__Task goal__.
When you reach the line that contains "由上圖可見,廢水經過解酸池、", begin copying exactly and continue through the last line below. Do not copy pictures.

Data supplied START

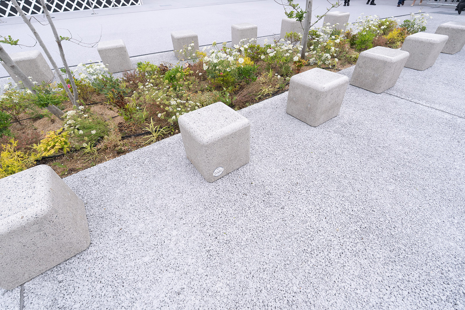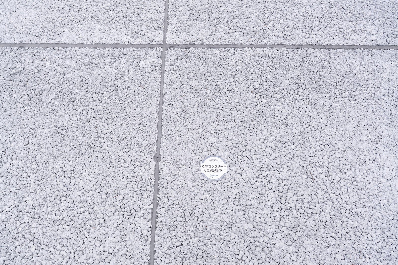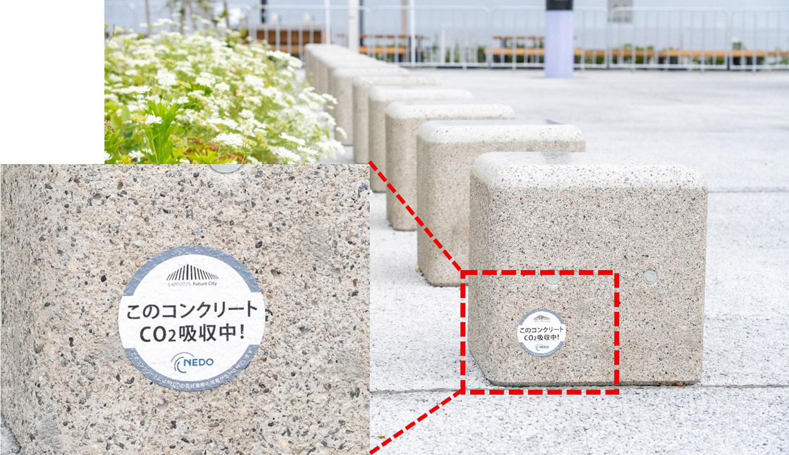 Paving near the entrance of the Future City PavilionTwo types of benches have been installed near the entrance and inside the pavilion. One type incorporates CO2 absorption and fixation in two stages: first during the production of the concrete materials, and then again when those CO2-fixed materials are used to produce the concrete for the benches. The other type involves CO2 absorption and fixation only during the material production stage. Both types of CP Concrete benches continue to absorb CO2 from the atmosphere even while on display, each bearing a sticker that reads ”Currently Absorbing CO2!” After the Expo concludes, the final amount of CO2 absorbed and fixed will be measured.
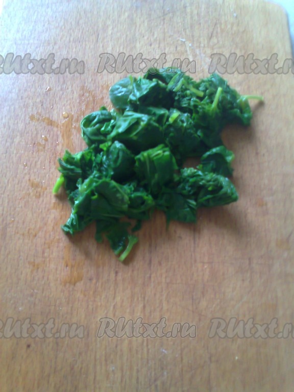 Листья шпината заливаем крутым кипятком, оставляем на пару минут, затем откидываем на дуршлаг, отжимаем и даем остыть.
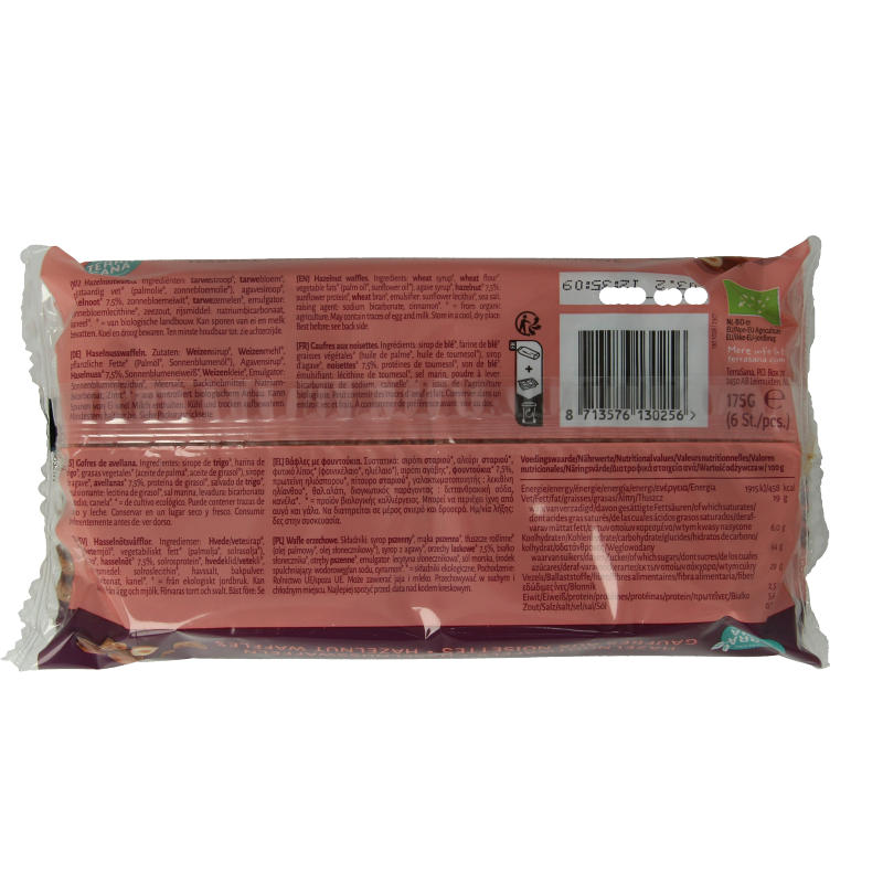 TARWEstroop*, TARWEbloem*, plantaardig vet* (palmolie*, zonnebloemolie*), agavesiroop*, HAZELNOOT* 7,5%, zonnebloemeiwit*, TARWEzemelen*, emulgator: zonnebloemlecithine*, zeezout, rijsmiddel: natriumbicarbonaat, kaneel*.
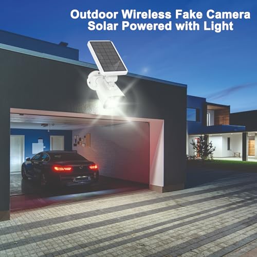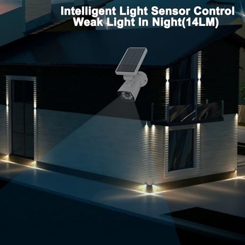 - 2 in 1 Solar Fake Security Camera with Lights: Our motion sensor solar security lights combine a high-power floodlight with a realistic-looking fake camera. The 2 in 1 design not only provides you with the brightest floodlight to illuminate your garden, garage, pathway, yard, patio, or deck at night but also deters potential intruders with the appearance of a surveillance camera. With this product, you get enhanced security and illumination all in one.
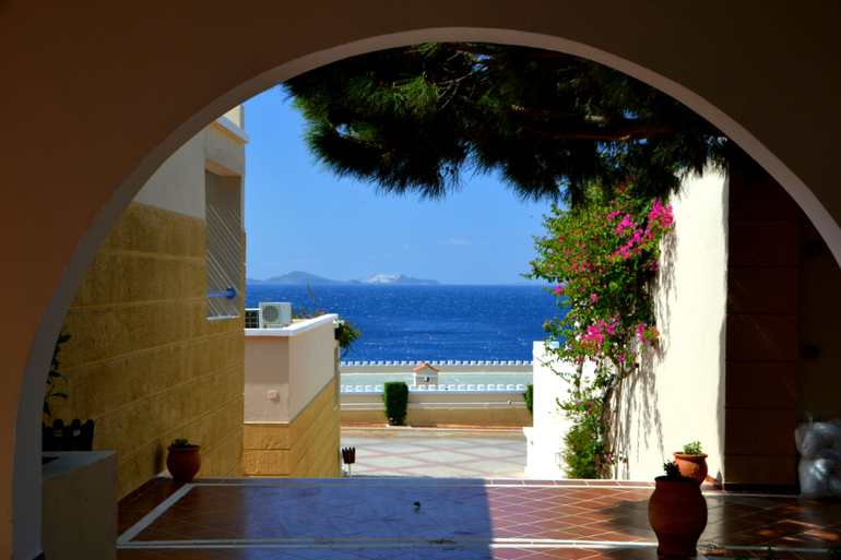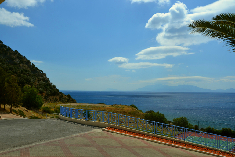 Еще через час мы заселились в номер, и нам открылся прекрасный вид на Эгейское море и соседние острова.
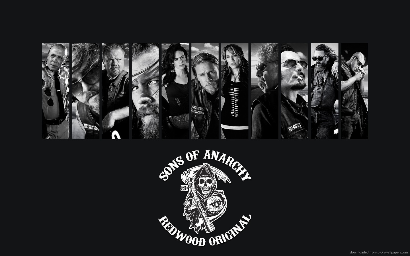 Description: A group of people with different types of hair and beards and a skull on the side of the picture.
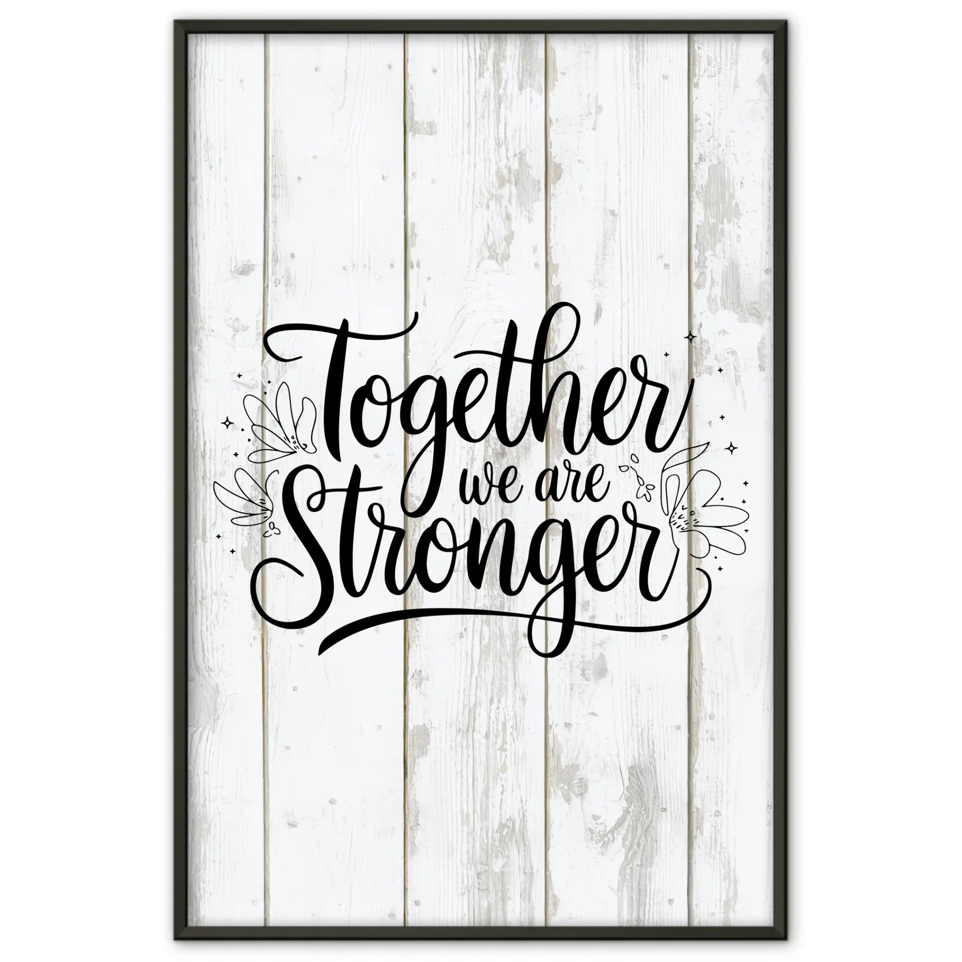 Das Spruchposter bietet dir die Möglichkeit, deinen Lieblingsmotivationsspruch in wunderschöner Gestaltung zu verewigen. Mit dem Poster Spruch Together we are stronger schaffst du eine inspirierende Atmosphäre und stärkst die Bindung zu deinen Liebsten. Zögere nicht länger und gestalte dein persönliches Motivationssprüche Poster, das für immer in Erinnerung bleibt!
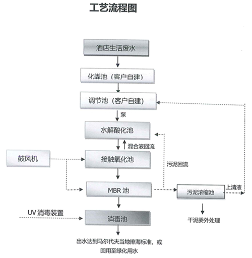 由上圖可見,廢水經過解酸池、MBE池和氧化池后,再添加以下消毒液,經過化學反應后,在排除達標的廢水。
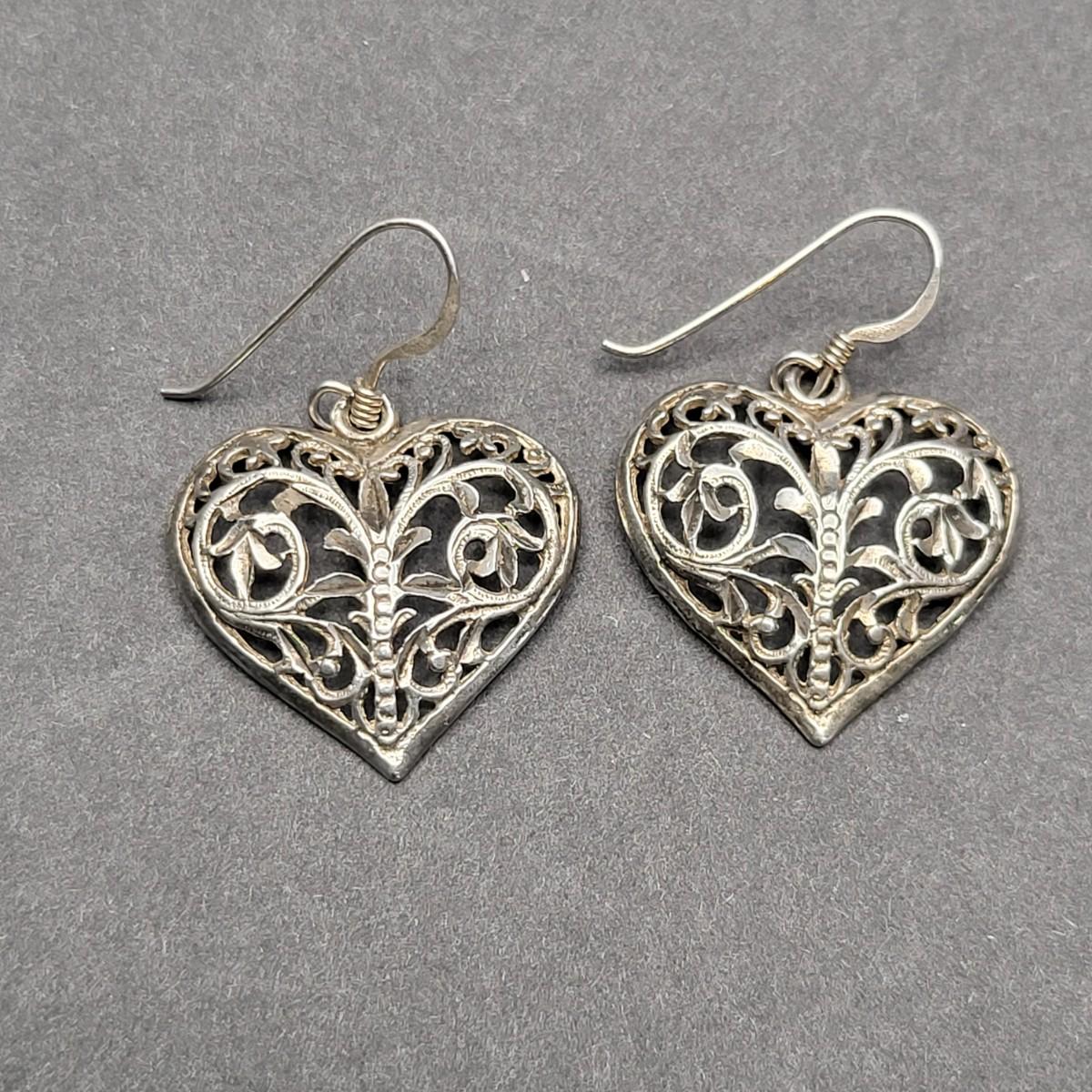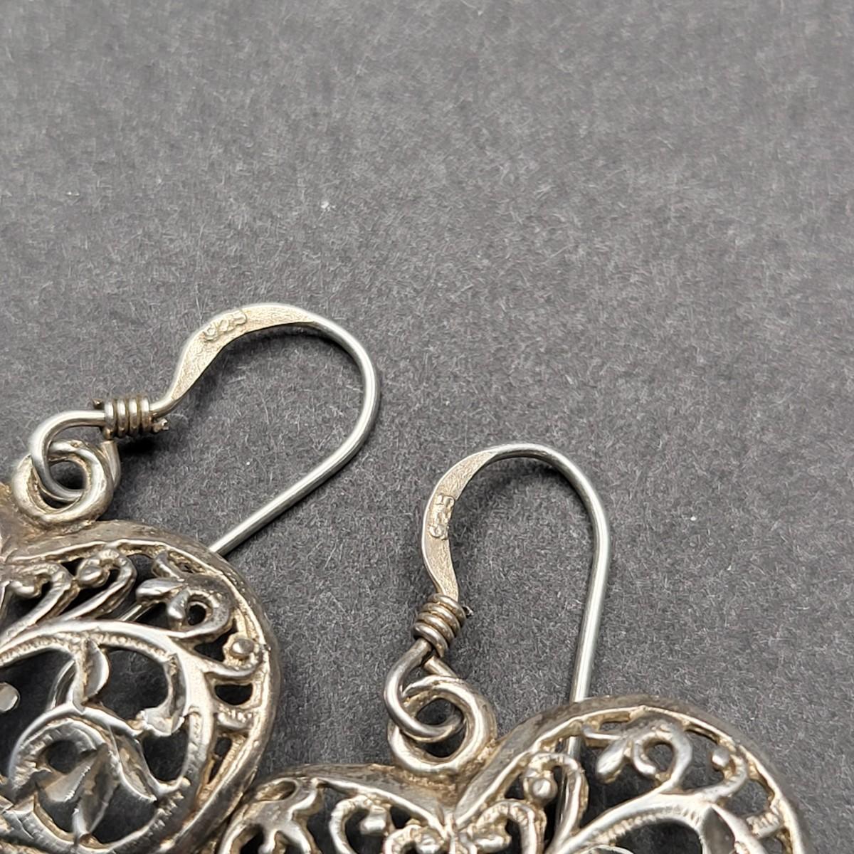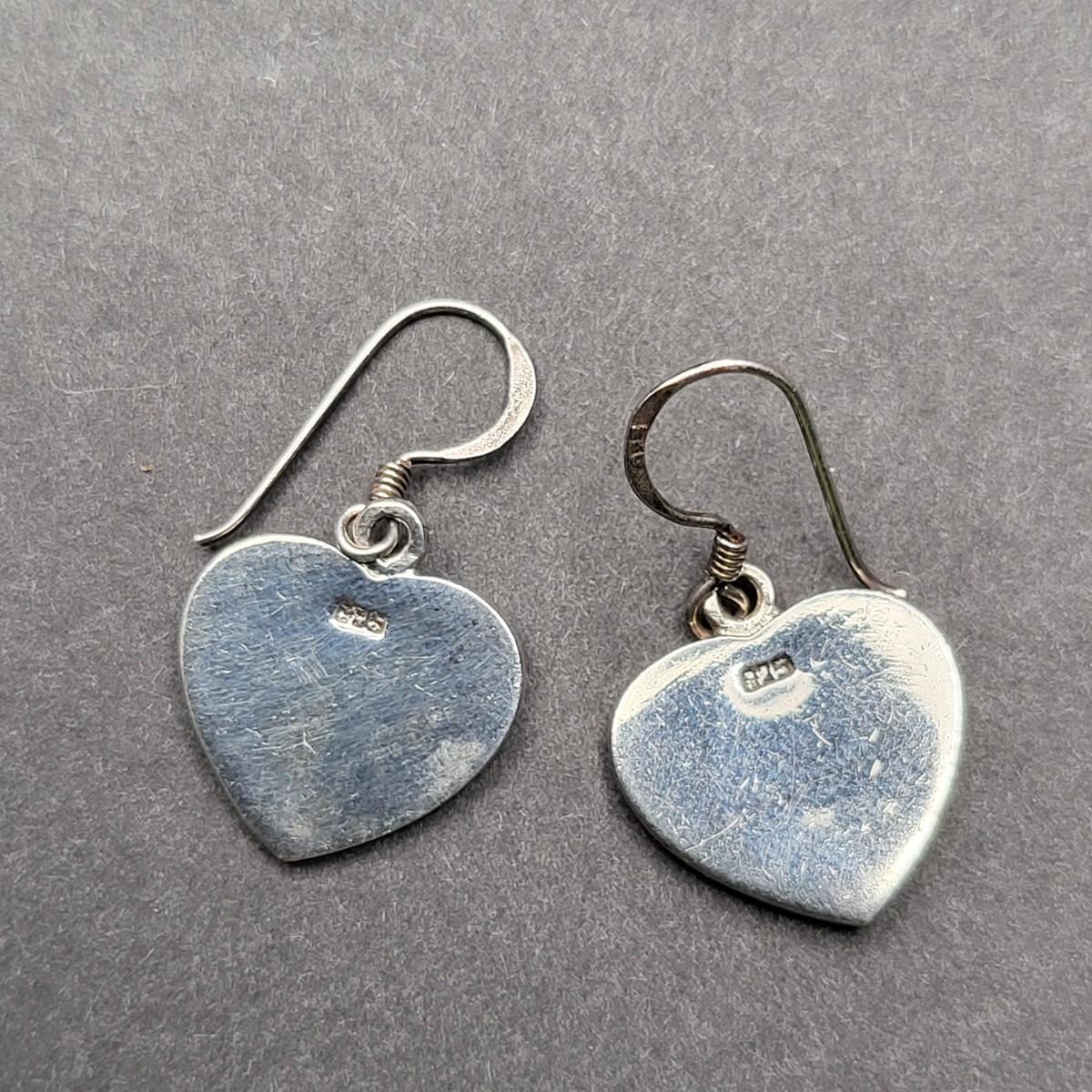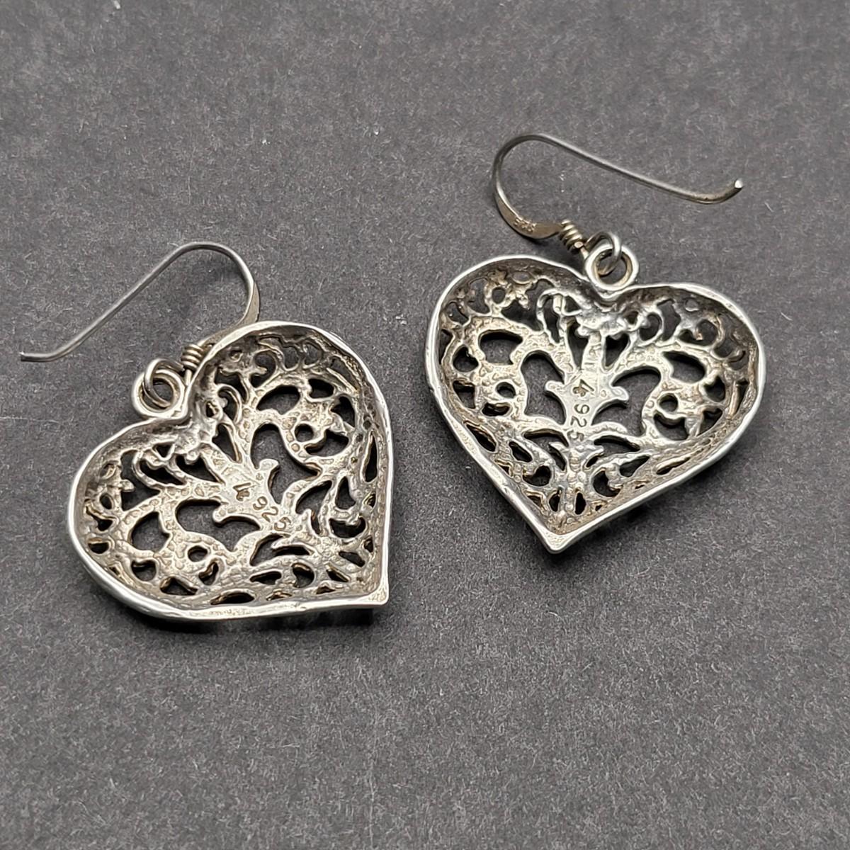 (4) Pairs 925 Sterling Silver earrings, stamped. Heart and tear drop earri gs both have Abalone inlay. Double circles. Filigree heart earrings. All pierced hooks.

Data supplied END

__Answer space__.
 由上圖可見,廢水經過解酸池、MBE池和氧化池后,再添加以下消毒液,經過化學反應后,在排除達標的廢水。
 (4) Pairs 925 Sterling Silver earrings, stamped. Heart and tear drop earri gs both have Abalone inlay. Double circles. Filigree heart earrings. All pierced hooks.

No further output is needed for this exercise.